> _Source records_:
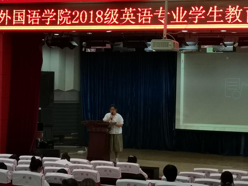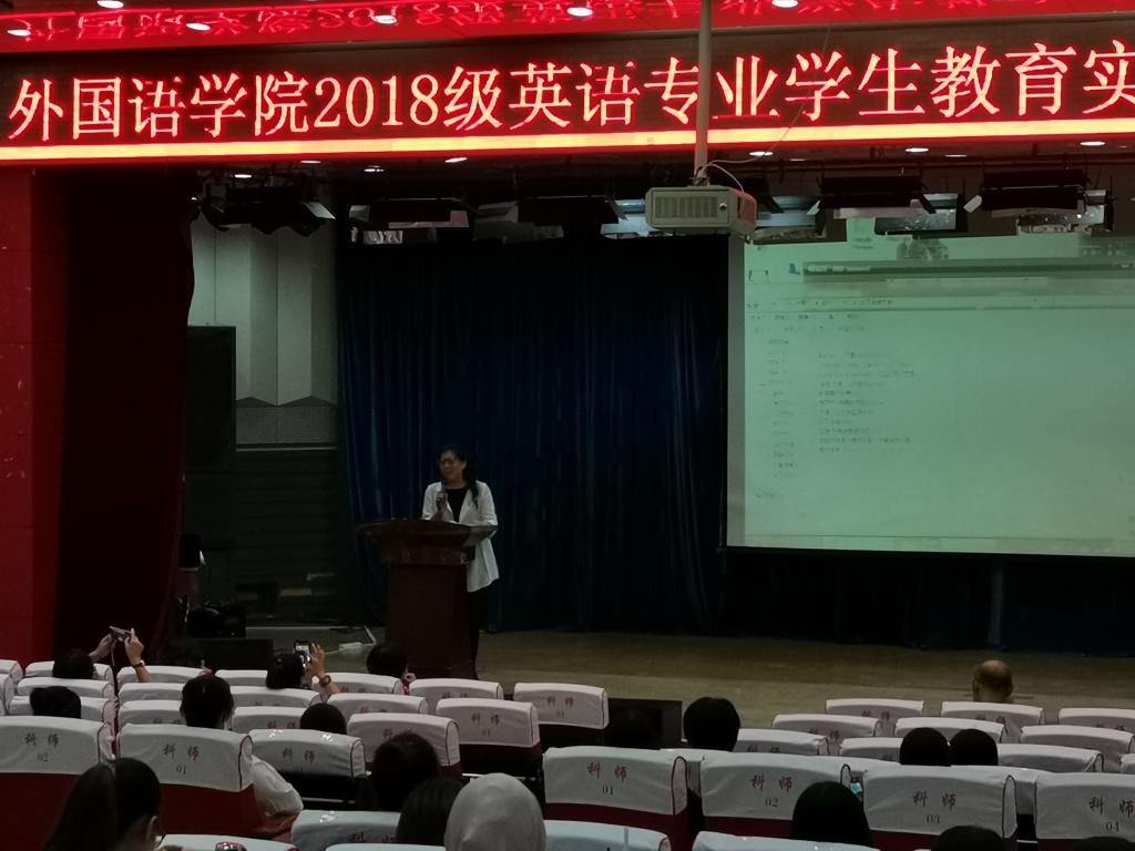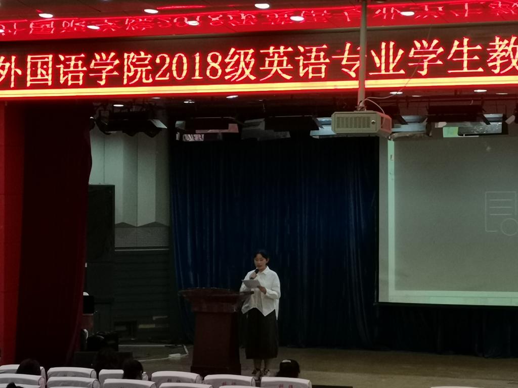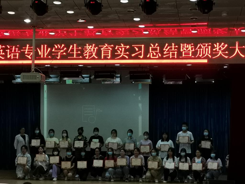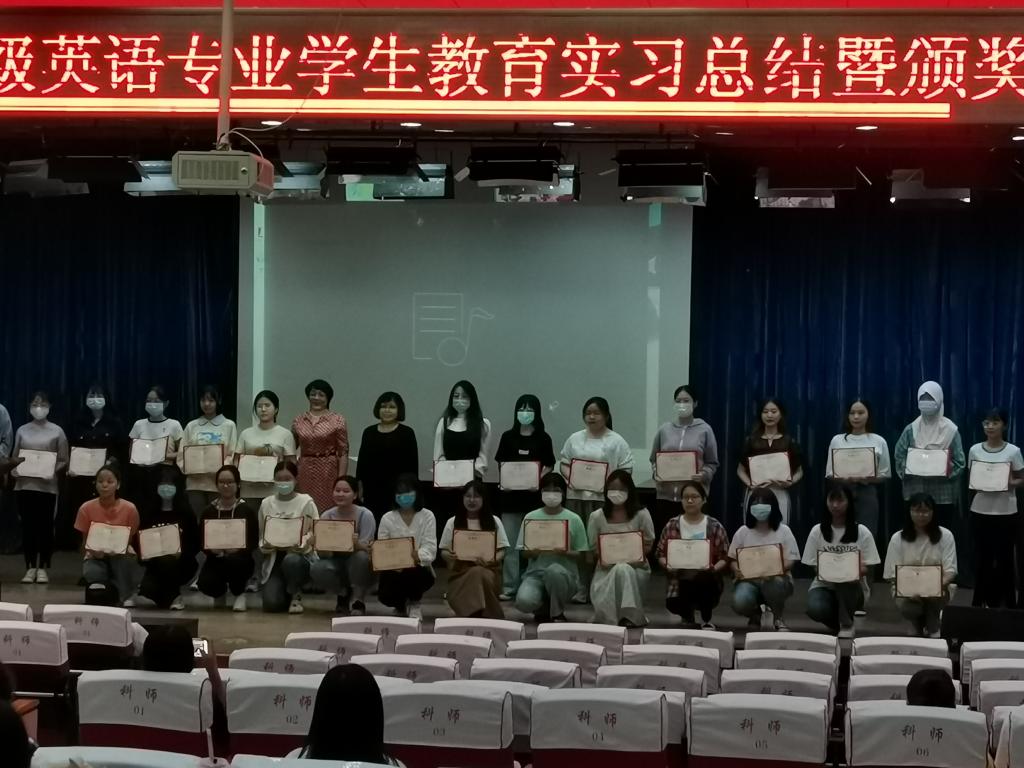 太阳成集团122ccvip英语2018级员工教育实习总结暨颁奖大会于2021年9月16日在太阳成集团122ccvip开发区校区报告厅顺利举行,参加大会的员工包括英语2018级全体员工共122人,2021级新生代表共40人,同时,太阳成集团122ccvip邵丽君书记、崔海英经理、罗学锋副经理和范学荣副经理,以及部分实习指导教师出席了大会。
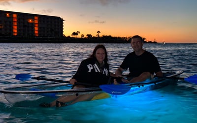 Clear tandem kayaks are fitted for two adults. The weight limit is 400 pounds per boat and no more than 225 pounds per seat. Please arrive 15 minutes prior to departure for a mandatory safety overview.
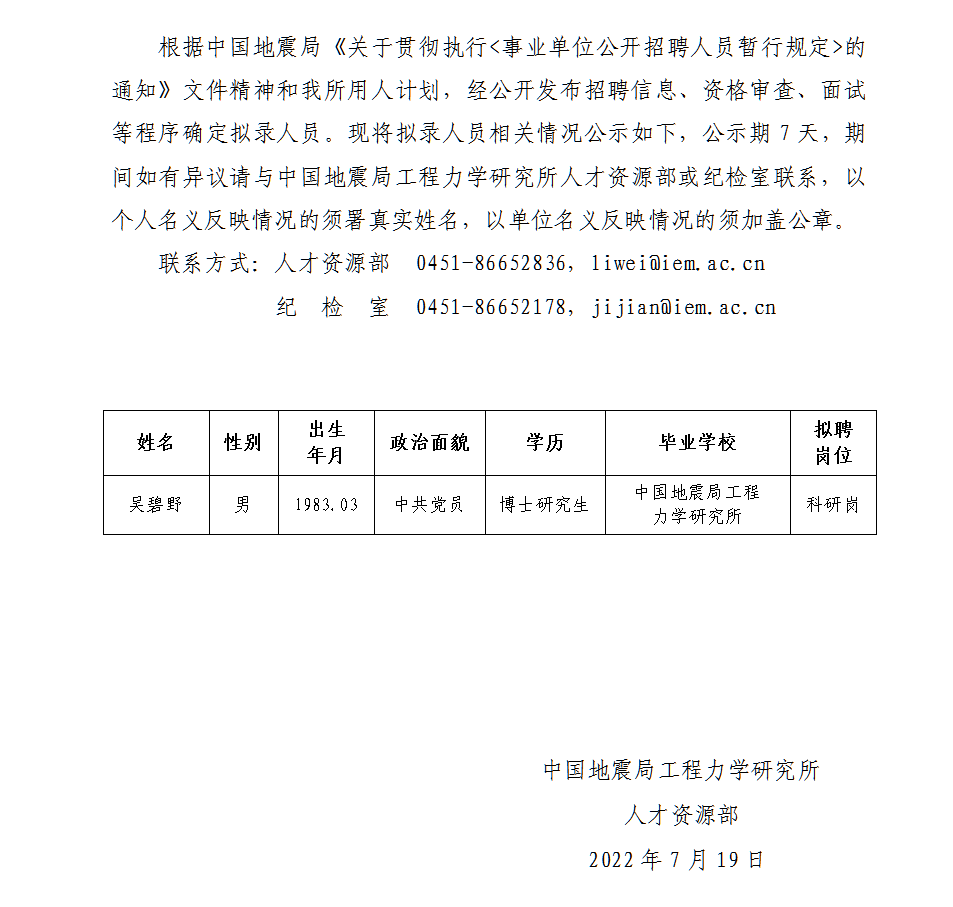 中國地震局工程力學研究所2022年擬錄用人員公示(四)
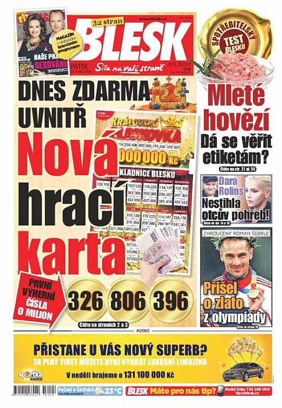 V deníku Blesk ze dne 27.5.2016 najdete mimo jiné i tyto články a témata:
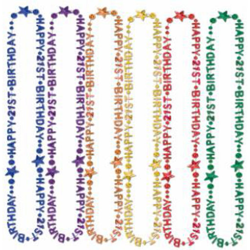 21st Birthday Beads-Of-Expression Festive 36" Multicolored Necklace (3/Pk)
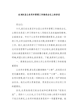 在XX县公务用车管理工作推进会议上的讲话同志们:今天,我们在这里召开全县公务用车管理工作推进会议,主要任务是深入学习贯彻中央八项规定及其实施细则精神,全面落实省、市关于公务用车管理的最新要求,总结前一阶段工作,分析当前形势,正视存在问题,安排部署下一阶段重点工作。刚才,我们共同学习了市级有关文件精神,相关技术同志对信息管理平台的操作进行了专业培训,县纪委监委的同志结合典型案例进行了深刻的警示教育,内容很具体,要求很明确,希望大家认真领会,抓好落实。下面,我再讲几点意见。一、提高政治站位,深刻认识公务用车管理工作的极端重要性公务用车管理,看似是后勤保障的“小事”,实则是关系党风廉政建设、政府形象和民心向背的“大事”。规范公务用车管理,绝不仅仅是一项事务性工作,更是一项严肃的政治任务。我们必须从...
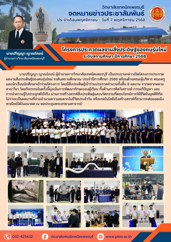 ข่าวประชาสัมพันธ์ วิทยาลัยเทคนิคเพชรบุรีขอแสดงความยินดีแก่คณะผู้บริหาร ครู และบุคลากรทางการศึกษา ที่ได้รับรางวัลยกย่องเชิดชูเกียรติ รางวัลครูดีศรีเมืองเพชร รางวัลผู้บริหารสถานศึกษาดีเด่น ครูดีเด่นด้านการสอน ครูดีเด่นด้านคุณธรรม จริยธรรม ครูดีเด่นด้านสร้างชื่อเสียงให้กับสถานศึกษา ในงานวันครู ประจำปีพุทธศักราช 2569 Bypbtc@Digitalcenter 16 มกราคม 20262 เมษายน 2026
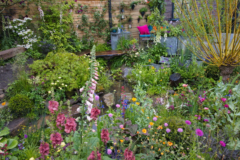 - Brunnen, Sichtschutz, bunt, Schotterbeet
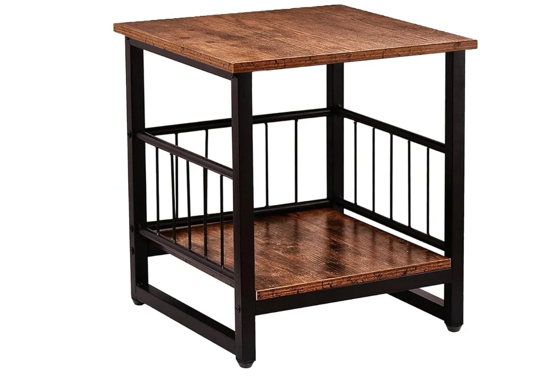 End Table, Industrial Side Table with 2-Tire Storage Shelf, 180LBS Mini Fridge Stand with Adjustable Feet, 18"x18" Wood Night Stand Small Bedside Table with Sturdy Metal Frame for Living Room Bedroom
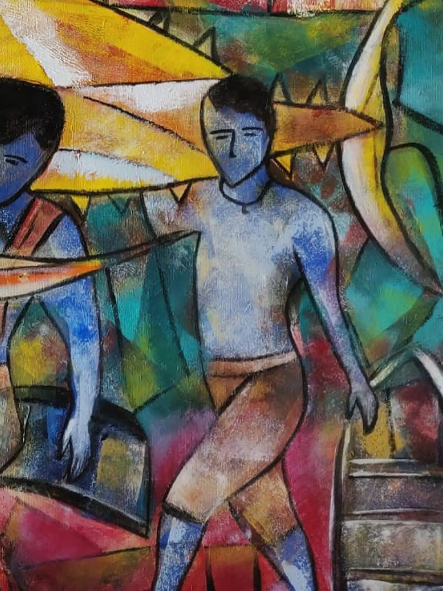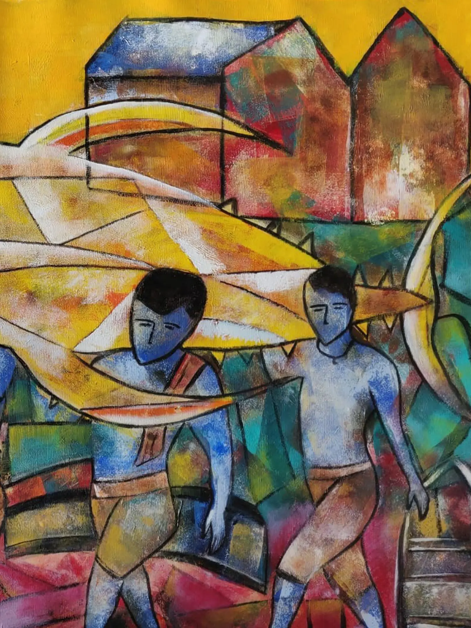 The expansive dimensions, measuring 31 inches in height and 47 inches in width, allow the scene to unfold with remarkable impact. You'll appreciate the dynamic composition, where simplified, abstracted figures carry the weight of their labor against a backdrop of bold geometric shapes representing boats and dwellings. The striking juxtaposition of deep blues, earthy browns, and vibrant yellows against a luminous ochre sky creates an atmosphere of both challenge and triumph, a visual symphony for your discerning eye.
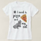 A t-shirt featuring the 2 best things in life, pizza and cats with the words All I need is Pizza and My Cat. Great as a gift for a person who loves pizza and cats.
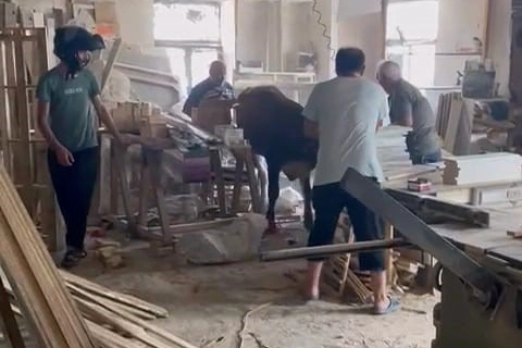 İnegöl ilçesinde sahibinin elinden kaçan kurbanlık inek, mobilya sanayini birbirine kattı.
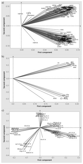 Loading plots describing relationships between: (a) mammary gland relative expression of 91 genes (as detailed in Table S1) and biopsy collection time point, (b) gene functions: heat shock (HS), prolactin signalling (PRLSig), oestrogen signalling (ESig), cell proliferation (PROL), autophagy (AUT), apoptosis (APOP), morphology (MOR), and immunity (IMM), and (c) in vivo and in vitro treatments from a principal component analysis. Figure 3c included genes averaged heat shock (HS), prolactin signalling (PRLSig), oestrogen signalling (ESig), cell proliferation (PROL), autophagy (AUT), apoptosis (APOP), morphology (MOR), and immunity (IMM), by in vivo and in vitro treatments CL-H, CL-C, CL-B, HT-H, HT-C, and HT-B.
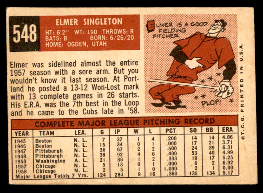 1959 Topps Baseball #548 Elmer Singleton Cubs VG-EX 547047
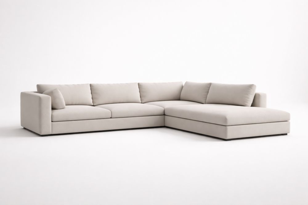 Fabric Upholstered Beige L-Shaped Sectional Sofa 274 cm x 213 cm

> _Description of the task_:
Transcribe all the data word for word; the images stay out.

> _Reply to the exercise_:
 太阳成集团122ccvip英语2018级员工教育实习总结暨颁奖大会于2021年9月16日在太阳成集团122ccvip开发区校区报告厅顺利举行,参加大会的员工包括英语2018级全体员工共122人,2021级新生代表共40人,同时,太阳成集团122ccvip邵丽君书记、崔海英经理、罗学锋副经理和范学荣副经理,以及部分实习指导教师出席了大会。
 Clear tandem kayaks are fitted for two adults. The weight limit is 400 pounds per boat and no more than 225 pounds per seat. Please arrive 15 minutes prior to departure for a mandatory safety overview.
 中國地震局工程力學研究所2022年擬錄用人員公示(四)
 V deníku Blesk ze dne 27.5.2016 najdete mimo jiné i tyto články a témata:
 21st Birthday Beads-Of-Expression Festive 36" Multicolored Necklace (3/Pk)
 在XX县公务用车管理工作推进会议上的讲话同志们:今天,我们在这里召开全县公务用车管理工作推进会议,主要任务是深入学习贯彻中央八项规定及其实施细则精神,全面落实省、市关于公务用车管理的最新要求,总结前一阶段工作,分析当前形势,正视存在问题,安排部署下一阶段重点工作。刚才,我们共同学习了市级有关文件精神,相关技术同志对信息管理平台的操作进行了专业培训,县纪委监委的同志结合典型案例进行了深刻的警示教育,内容很具体,要求很明确,希望大家认真领会,抓好落实。下面,我再讲几点意见。一、提高政治站位,深刻认识公务用车管理工作的极端重要性公务用车管理,看似是后勤保障的“小事”,实则是关系党风廉政建设、政府形象和民心向背的“大事”。规范公务用车管理,绝不仅仅是一项事务性工作,更是一项严肃的政治任务。我们必须从...
 ข่าวประชาสัมพันธ์ วิทยาลัยเทคนิคเพชรบุรีขอแสดงความยินดีแก่คณะผู้บริหาร ครู และบุคลากรทางการศึกษา ที่ได้รับรางวัลยกย่องเชิดชูเกียรติ รางวัลครูดีศรีเมืองเพชร รางวัลผู้บริหารสถานศึกษาดีเด่น ครูดีเด่นด้านการสอน ครูดีเด่นด้านคุณธรรม จริยธรรม ครูดีเด่นด้านสร้างชื่อเสียงให้กับสถานศึกษา ในงานวันครู ประจำปีพุทธศักราช 2569 Bypbtc@Digitalcenter 16 มกราคม 20262 เมษายน 2026
 - Brunnen, Sichtschutz, bunt, Schotterbeet
 End Table, Industrial Side Table with 2-Tire Storage Shelf, 180LBS Mini Fridge Stand with Adjustable Feet, 18"x18" Wood Night Stand Small Bedside Table with Sturdy Metal Frame for Living Room Bedroom
 The expansive dimensions, measuring 31 inches in height and 47 inches in width, allow the scene to unfold with remarkable impact. You'll appreciate the dynamic composition, where simplified, abstracted figures carry the weight of their labor against a backdrop of bold geometric shapes representing boats and dwellings. The striking juxtaposition of deep blues, earthy browns, and vibrant yellows against a luminous ochre sky creates an atmosphere of both challenge and triumph, a visual symphony for your discerning eye.
 A t-shirt featuring the 2 best things in life, pizza and cats with the words All I need is Pizza and My Cat. Great as a gift for a person who loves pizza and cats.
 İnegöl ilçesinde sahibinin elinden kaçan kurbanlık inek, mobilya sanayini birbirine kattı.
 Loading plots describing relationships between: (a) mammary gland relative expression of 91 genes (as detailed in Table S1) and biopsy collection time point, (b) gene functions: heat shock (HS), prolactin signalling (PRLSig), oestrogen signalling (ESig), cell proliferation (PROL), autophagy (AUT), apoptosis (APOP), morphology (MOR), and immunity (IMM), and (c) in vivo and in vitro treatments from a principal component analysis. Figure 3c included genes averaged heat shock (HS), prolactin signalling (PRLSig), oestrogen signalling (ESig), cell proliferation (PROL), autophagy (AUT), apoptosis (APOP), morphology (MOR), and immunity (IMM), by in vivo and in vitro treatments CL-H, CL-C, CL-B, HT-H, HT-C, and HT-B.
 1959 Topps Baseball #548 Elmer Singleton Cubs VG-EX 547047
 Fabric Upholstered Beige L-Shaped Sectional Sofa 274 cm x 213 cm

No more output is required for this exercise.